Stieler initially rejected the request. A majority of Vale directors then voted against Previ’s proposal to remove him on June 22. He ultimately resigned on July 6, eliminating the need for shareholders to vote on his dismissal at an extraordinary general meeting scheduled for July 22.
The meeting will now focus on two elections: a new board chairman and another director.
Ollie will compete for the chairmanship against Marcelo Gasparino, Vale’s current vice chairman. BTG said neither candidate represents a disruptive outcome because both have supported the miner’s existing strategy.
Ollie brings extensive experience in the mining industry, while Gasparino already holds one of the board’s senior leadership positions. Their track records indicate continuity rather than a strategic overhaul, according to the analysts.
The second contest is between José Maurício Coelho, nominated by Previ, and independent candidate Ieda Gomes Yell.
Coelho served on Vale’s board between 2019 and 2021, a challenging period for the company. Gomes Yell, a former BP executive, has decades of experience in the energy industry and corporate governance.

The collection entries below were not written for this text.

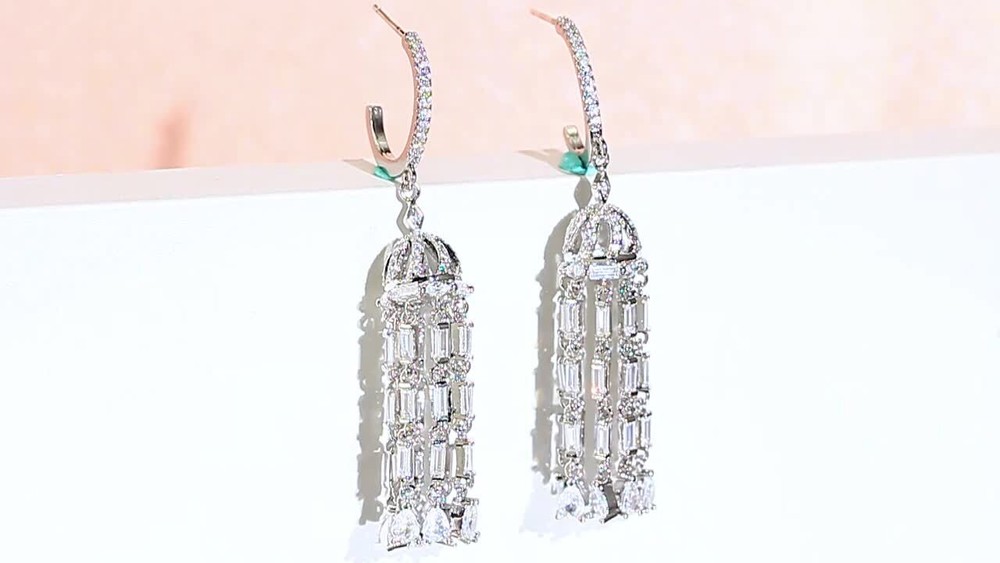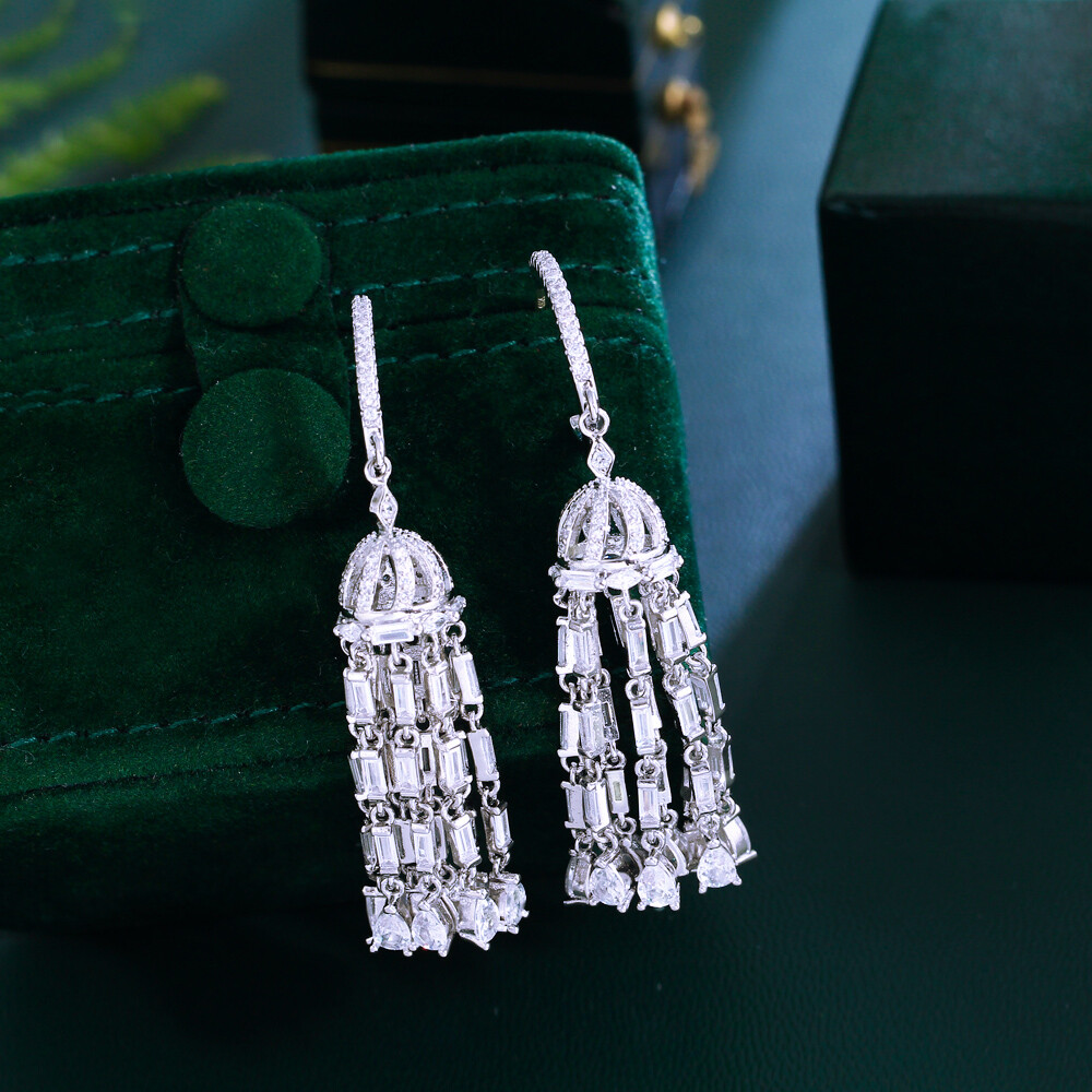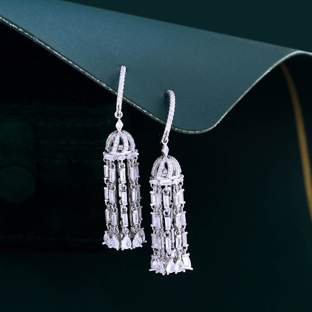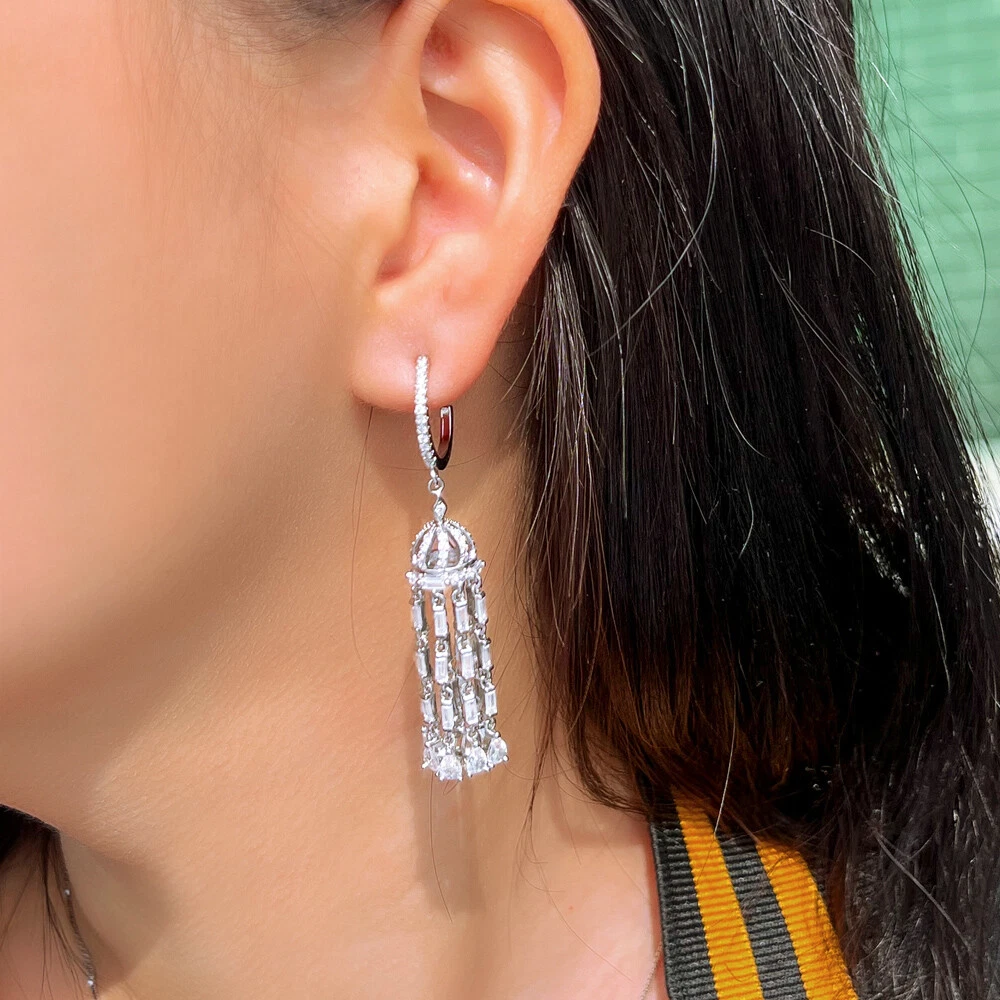 Shiny Silver Plated Cubic Zirconia Long Tassel Dangle Earrings for Women Wedding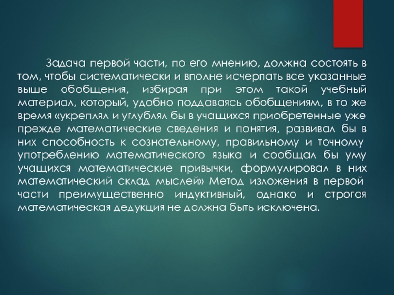 состоять в том, чтобы систематически и вполне исчерпать все указанные выше обобщения, избирая при этом такой учебный материал, который, удобно поддаваясь обобщениям, в то же время «укреплял и углублял бы в учащихся приобретенные уже прежде математические сведения и понятия, развивал бы в них способность к сознательному, правильному и точному употреблению математического языка и сообщал бы уму учащихся математические привычки, формулировал в них математический склад мыслей» Метод изложения в первой части преимущественно индуктивный, однако и строгая математическая дедукция не должна быть исключена.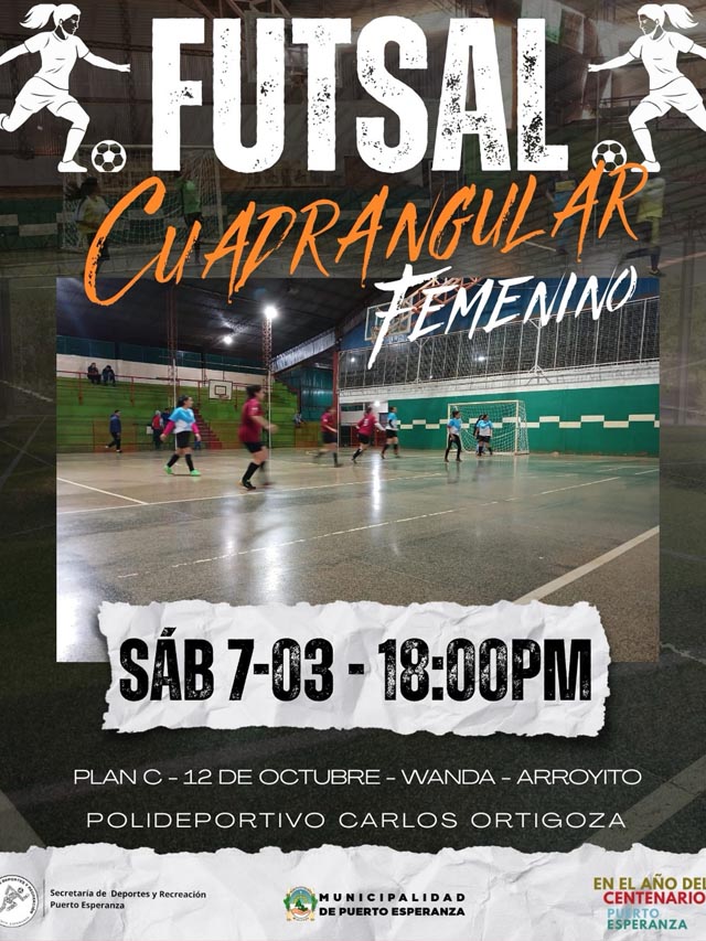 AGENCIA MISIONES.UNO | En el marco de las actividades por el Día Internacional de la Mujer, Puerto Esperanza será sede de un cuadrangular de futsal femenino que reunirá a equipos locales en el Polideportivo Carlos Ortigoza.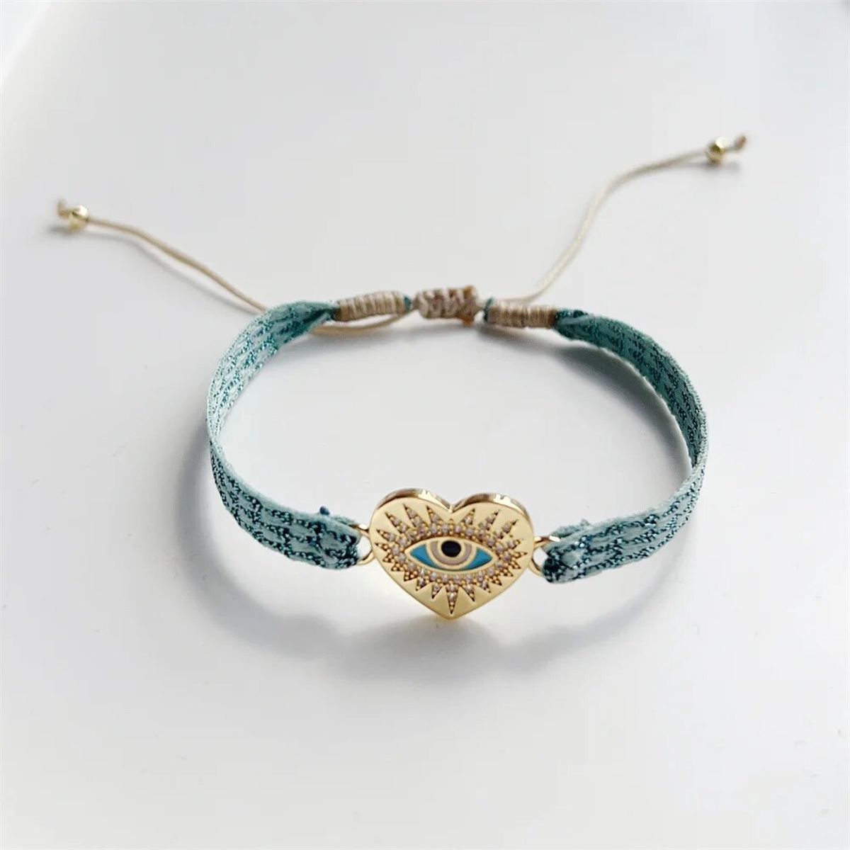 Elegant And Symbolic Piece Of Jewelry. It Features A Delicate Adjustable Thread Band Adorned With Both A Heart-Shaped Design And The Protective Evil Eye Motif. Crafted With 18K Gold Plating, This Bracelet Combines A Sense Of Sophistication With A Touch Of Mystique. The Combination Of The Heart And Evil Eye Symbolism Adds Depth And Meaning To The Accessory, Making It A Stylish And Meaningful Addition To Any Woman's Ensemble.

BTG said either appointment would be consistent with the company’s current direction. The result of the meeting is therefore unlikely to materially change Vale’s long-term strategy or investment case.
Management continuity supports investment case
The bank said the board dispute has generated additional headline risk but has not translated into measurable operational or financial damage.
Vale’s management is expected to maintain the decision-making approach adopted in recent quarters, including tighter capital discipline and a focus on improving production and cost efficiency. BTG said that approach has largely been welcomed by investors.
The bank acknowledged that second-quarter results may not be particularly strong. External cost pressures could weigh on the period and potentially lead to a marginal adjustment to Vale’s guidance.
Those near-term pressures, however, do not undermine the longer-term outlook, according to the report. BTG said the company’s operating strategy, cash-generation capacity and shareholder returns remain intact.
BTG forecasts earnings recovery in 2026
BTG estimates Vale’s revenue will rise to $43.09 billion in 2026 from a projected $38.4 billion in 2025. Earnings before interest, taxes, depreciation and amortization are forecast to increase to $17.32 billion from $15.87 billion.
Net income is projected to reach $11.31 billion in 2026, compared with an estimated $2.35 billion in 2025. The bank forecasts profit of $10.64 billion and revenue of $42.75 billion for 2027.
Vale is expected to trade at 4.2 times estimated enterprise value to Ebitda in 2026 and at 5.5 times projected earnings. BTG also cited an estimated free-cash-flow-to-equity yield of about 9% for the year as evidence that the shares remain attractively valued.
The investment case continues to depend on iron ore demand, particularly from China, as well as commodity prices, production costs and currency movements. BTG identified weaker global demand and additional supply as key risks to its forecasts.
The bank disclosed that it has received compensation for investment-banking services provided to Vale during the previous 12 months, a relationship that may create a potential conflict of interest.